Thursday, December 30, 2010

Why Cheap Will Beat Cool During The Next Decade Of Vehicle Electrification (AONE; TSLA; GM)

From AltEnergyStocks:
Last Friday I received my copy of the presentations from September's European Lead Battery Conference in Istanbul. Most of the presentations were written for a technically astute audience and don't offer much in the way of concrete guidance for investors, but an overview presentation from Ricardo PLC, a global leader in engineering solutions for low carbon, fuel-efficient transportation, included three slides that merit serious investor consideration and show why I'm convinced cheap will beat cool for the next decade of vehicle electrification. I've posted a copy of the Ricardo presentation here.

Technology Timeline

The first slide is a simple timeline that answers the eternal question "When are the technological wonders we read about on a daily basis likely to become profitable business reality?"

12.26.10 Timeline.png

Lead-acid batteries have been the dominant energy storage technology for the last century and the global manufacturing footprint is immense. As vehicle electrification becomes more commonplace and energy storage requirements increase, leading lead-acid battery manufacturers including Johnson Controls (JCI), Exide Technologies (XIDE) and Enersys (ENS) are seeing a pronounced shift in demand patterns. Users who once bought inexpensive first-generation flooded batteries are now buying premium second-generation AGM batteries. Concurrently, lead-acid technology innovators like Axion Power International (AXPW.OB) are finishing development and testing of third-generation devices that will bring the power and cycle-life of lead-acid batteries up to a level that's comparable with NiMH batteries at a reasonable cost. The bottom line for investors is that lead-acid battery technology is rapidly improving and barring a seismic technological shift, manufacturers can only get more profitable over the next decade as global demand for cost-effective mass-market energy storage products surges.

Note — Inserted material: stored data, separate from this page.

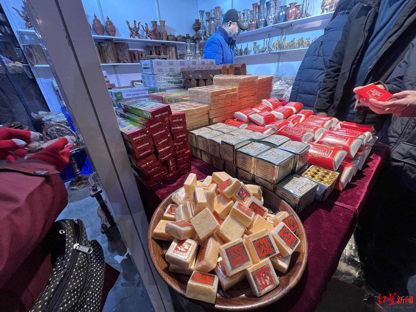 青白江区亚蓉欧国家(商品)馆展区集结了澳大利亚、新西兰、英国、法国、意大利、葡萄牙、希腊、比利时、德国、白俄罗斯、阿塞拜疆、哈萨克斯坦、巴基斯坦、尼泊尔等十四国的进口食品、生活用品等。“5块20元。”在巴基斯坦展区,商家操着不太熟练的中文给消费者推荐一款衣柜芳香膏,记者凑近一看,这是一种淡橘色、散发出浓郁果香的小方块。据商家介绍,把它们放在衣柜里可以让衣物持久留香,还可以防虫防霉,这款芳香膏一时间引来了许多市民选购。
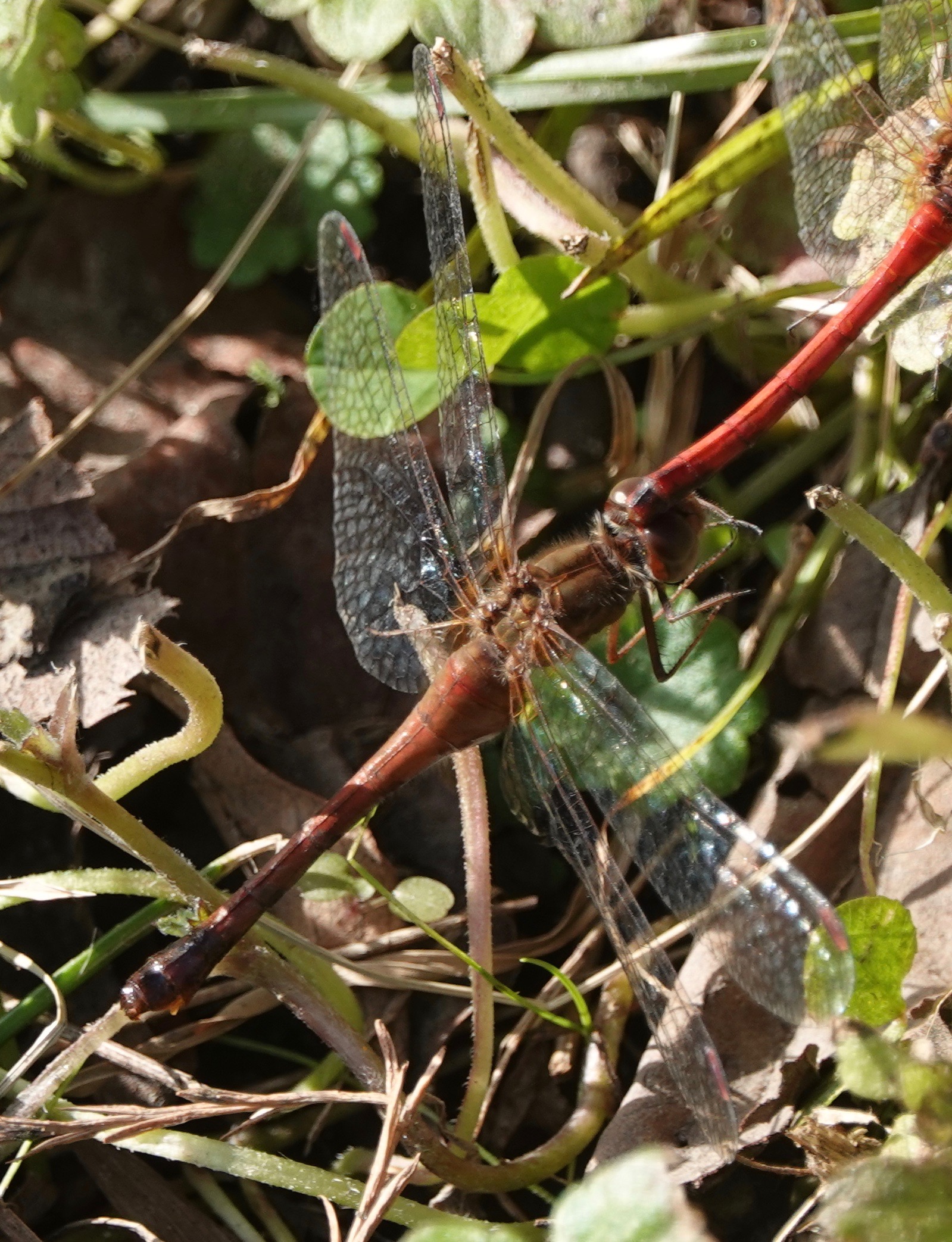 For instance, I rarely see female Autumn Meadowhawks/Sympetrum vicinum on their own. They’re obviously out there, but I generally only see them when they’re mating. Here a pair form the Odonata mating wheel: the male grasps the female behind her head with the appendages at the end of his abdomen; she bends her abdomen tip forward to his secondary genitalia between his second and third abdomen segments. “Secondary” because sperm is produced at the end of the abdomen; the male transfers this sperm to his accessory genitalia near the thorax, where the female can access it while he holds her.
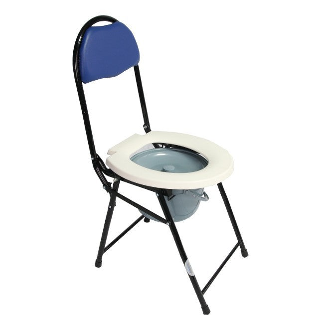 Comoda WC cu spatar - realizata din otel, vopsit in pulberi epoxy, model simpu, usor de folosit, comod. Cadrul WC de camera este pliabil pentru a reduce spatiul de depozitare.
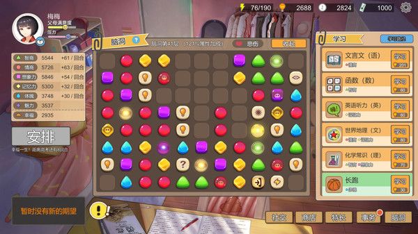 玩家扮演一名家长,负责孩子的教育。游戏提供了丰富的课程选择,包括语文、数学、英语、音乐、美术等,玩家可以根据孩子的兴趣和特长进行选择。通过参加学校的考试和活动,孩子可以获得成绩和经验,这些都会影响孩子未来的职业选择和生活状态。
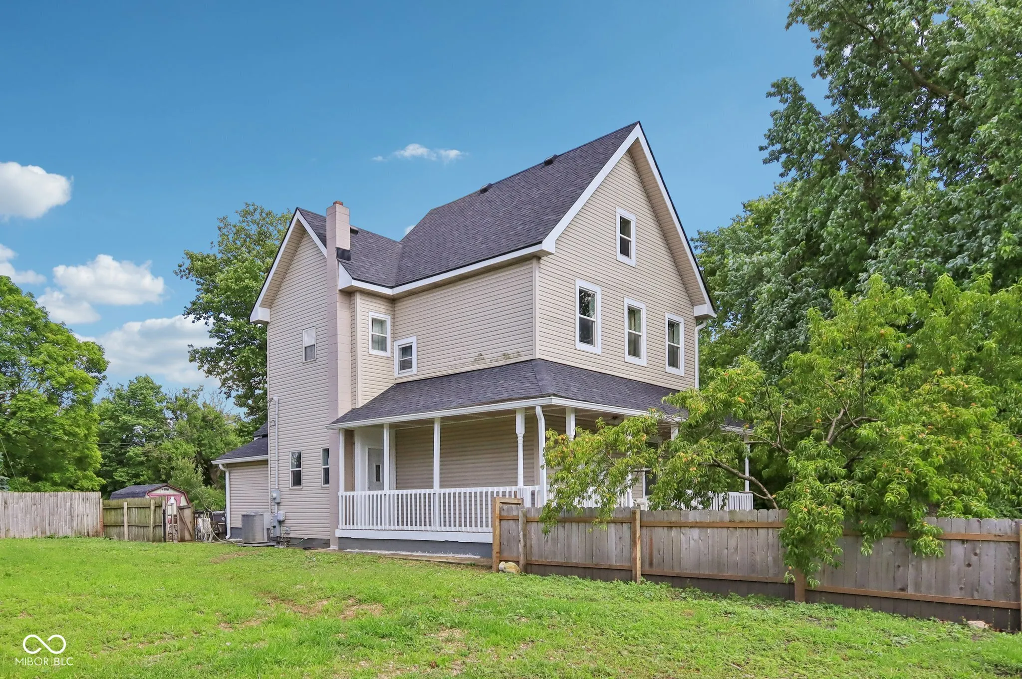 4 BR/ 2 BA Fountain Sq area home has much to be appreciated. Nice corner lot w/ Mature trees. Living Room w/ tall glass french doors & hardwood pocket door display craftsmanship of days gone by. Formal dining room with built in Hutch and newer LVP floors. Large eat-in Kitchen has Walk in pantry and good counter/cabinet space. Main lvl Primary BR w/ 9′ ceiling. Main level BA w/ tiled walk in shower. 2 separate stairways to the upper level. Upper level shows off 3 large bedrooms w/ newer vinyl flooring and 9′ ceilings throughout. Guest BA w/ tub/shower combo. Huge Finished attic provides ample flex space. Enjoy the outdoors on the wrap around porch or covered back patio. Fenced in backyard with stone woodburning grill and garden space. Newer concrete walk around the home. Roof/gutters/downspouts 2023, Windows 2017, Vinyl Siding 2018, New sewer line /electrical/pvc to upstairs BA 2015. Basement partially skim coated.
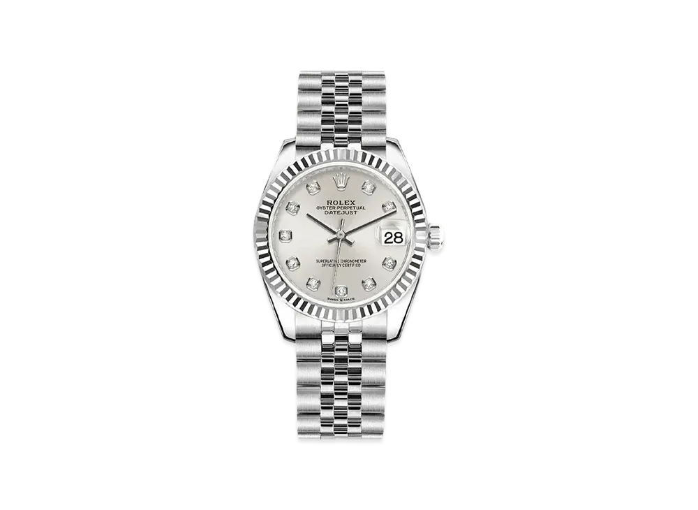 ROLEX Datejust 31 Oyster 31mm 10P Diamonds "Silver/Oyster Steel/White Gold"
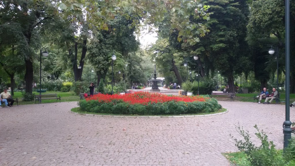 Am nächsten morgen holte mich Mariana ab, zeigte mir die Schule und stellte mir einige der Deutschlehrer und die Schulleitung vor. Danach machte ich mich alleine auf meine erste Entdeckungstour. Ich ging in den nahe gelegenen riesigen Supermarkt Leksi. Er ist zwei stöckig und ich irrte mind. eine Stunde durch die Gänge und kauft völlig überfordert nur Spülmittel und Kekse. Vom Supermarkt aus nahm ich den Bus ins Zentrum. Mir wurde zuvor erklärt, dass eine Busfahrt 1 Lew, also umgerechnet 50 ct. kostet, also betrat ich mit einem Lew in der einen und einem Stadtplan in der anderen den Bus. Ich drückte den Lew der Buskartenfrau in die Hand, doch offenbar setzte man sich in Bulgarien erst auf den Platz und die Dame kam zum Platz um die Karte zu verkaufen, somit war nicht nur ich überfordert. Sie redete aufgeregt auf bulgarisch auf mich ein und als ich einen meiner einzigen auswendig gelernten Sätze (Ich verstehe nicht) aufsagte redete sie einfach nur lauter. Ich zeigte ihr auf meinem Stadtplan, dass ich in die Stadt wollte und fuchtelte irgendwo über der Innenstadt rum. Sie redete weiter, nahm dann meinen Plan und lief damit im Bus herum und sprach mit den anderen Passagieren, bis zwei jüngere Mädchen mir in gebrochenem englisch erklärten wann ich aussteigen musste und mir in kyrillisch „Old town“ auf einen Zettel schrieben. So oder so ähnliche Situationen hatte ich den letzten Tagen öfter. Zwar wurde ich so gut wie nie verstanden, aber nicht nur im Bus, auch in der Uni auf der Suche nach einem zuständigen für die Sprachkurse und in der Stadt waren alle unglaublich freundlich, hilfsbereit und versuchten ihr bestmögliches. In der Stadt lief ich erst ein bisschen alleine herum, guckte mir das Amphietheater von oben an und setzte mich an einen Brunnen. Für den Nachmittag hatte ich mich mit zwei Schülern aus der Schule verabredet, die mich bei facebook angeschrieben haben. Nachdem sie mich versucht hatten anzurufen und ich deutsch ins Handy gesprochen hatte (leider erfolglos) drehte sich mein Sitznachbar auf der Bank um und so lernte ich Pankow, seine Frau und seinen Schwager Ilin kennen. Pankow arbeitet seit längerem in Deutschland als Tischtennis- und Sportlehrer, er war nur die Woche zurück in Plovdiv in seiner Heimat. Ilin ist schon im Ruhestand, er hatte vor 30 Jahren in Deutschland als Masseur beim HSV und danach in einer Rehaklinik gearbeitet. Nun wohnt er wieder in Bulgarien. Er hat erzählt, dass Deutschland zwar von den Regeln, Gesetzen und der Ordnung besser wäre, aber seine Heimat immer in Bulgarien sein wird. Außerdem meinte er, dass die Bulgaren ein wunderbar gastfreundliches Volk sein. Zum Schluss gab er mir noch seine Nummer, für alle Fälle. Kurze Zeit später kamen die beiden Schüler Yanko und Triffon und zeigten mir ein bisschen die Stadt.

Nickel Metal Hydride, or NiMH, has been the battery chemistry of choice for HEVs since Toyota (TM) introduced the Prius in 1997. Over the last decade HEVs have earned an enviable reputation for efficiency and reliability. Unfortunately, the "M" in NiMH batteries is the rare earth metal lanthanum, which is only produced in small quantities and primarily mined in China. While material supply constraints have not limited NiMH battery production in the past, China has recently announced plans to limit rare earth metal exports in the future. Therefore looming supply constraints will limit the scalability of current HEV technology and most observers believe future HEVs will have to accommodate a lateral substitution of advanced lead-acid batteries and accept a slight weight penalty, or accommodate an upgrade substitution of lithium-ion batteries and suffer a substantial cost penalty.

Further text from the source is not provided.